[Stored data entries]

══════════════════════════════

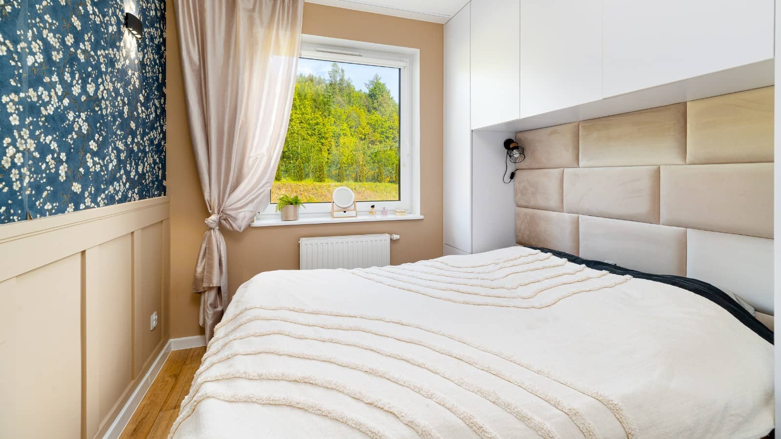 przytulna sypialnia z zabudową (ok. 8 m²),
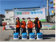 □ 용평면 여성의용소방대, 장평5일장 방역실시
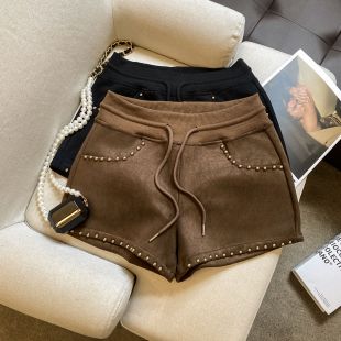 女欧洲站2025冬装 休闲热裤 新款 时尚 潮 欧货女装 羊毛呢加绒阔腿短裤
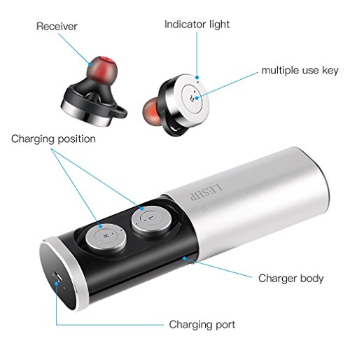 Bluetooth Earbuds LESHP True Wireless In-ear Headphone with Built-in Microphone and Charging Box for Driving and Sports (A Pair)
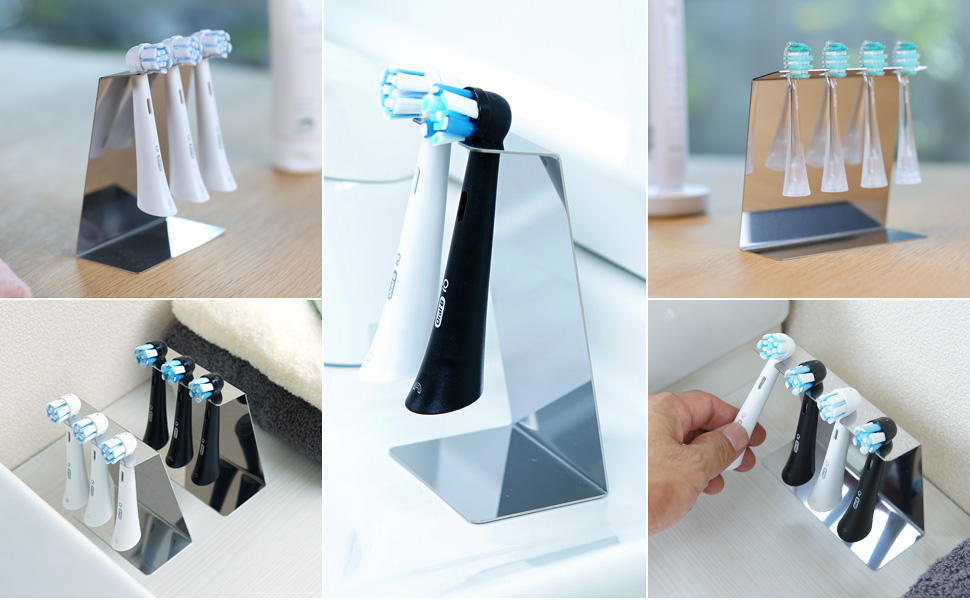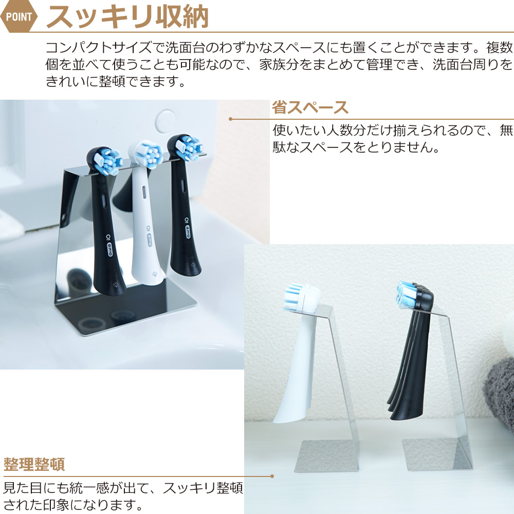 この歯ブラシスタンドは、電動歯ブラシの替えブラシを4本収納できるシンプルでおしゃれなデザインが特徴です。

══════════════════════════════

§ AIM OF THE EXERCISE
When you repeat the data, keep every line exact and drop the images.

§ TASK SOLUTION
 przytulna sypialnia z zabudową (ok. 8 m²),
 □ 용평면 여성의용소방대, 장평5일장 방역실시
 女欧洲站2025冬装 休闲热裤 新款 时尚 潮 欧货女装 羊毛呢加绒阔腿短裤
 Bluetooth Earbuds LESHP True Wireless In-ear Headphone with Built-in Microphone and Charging Box for Driving and Sports (A Pair)
 この歯ブラシスタンドは、電動歯ブラシの替えブラシを4本収納できるシンプルでおしゃれなデザインが特徴です。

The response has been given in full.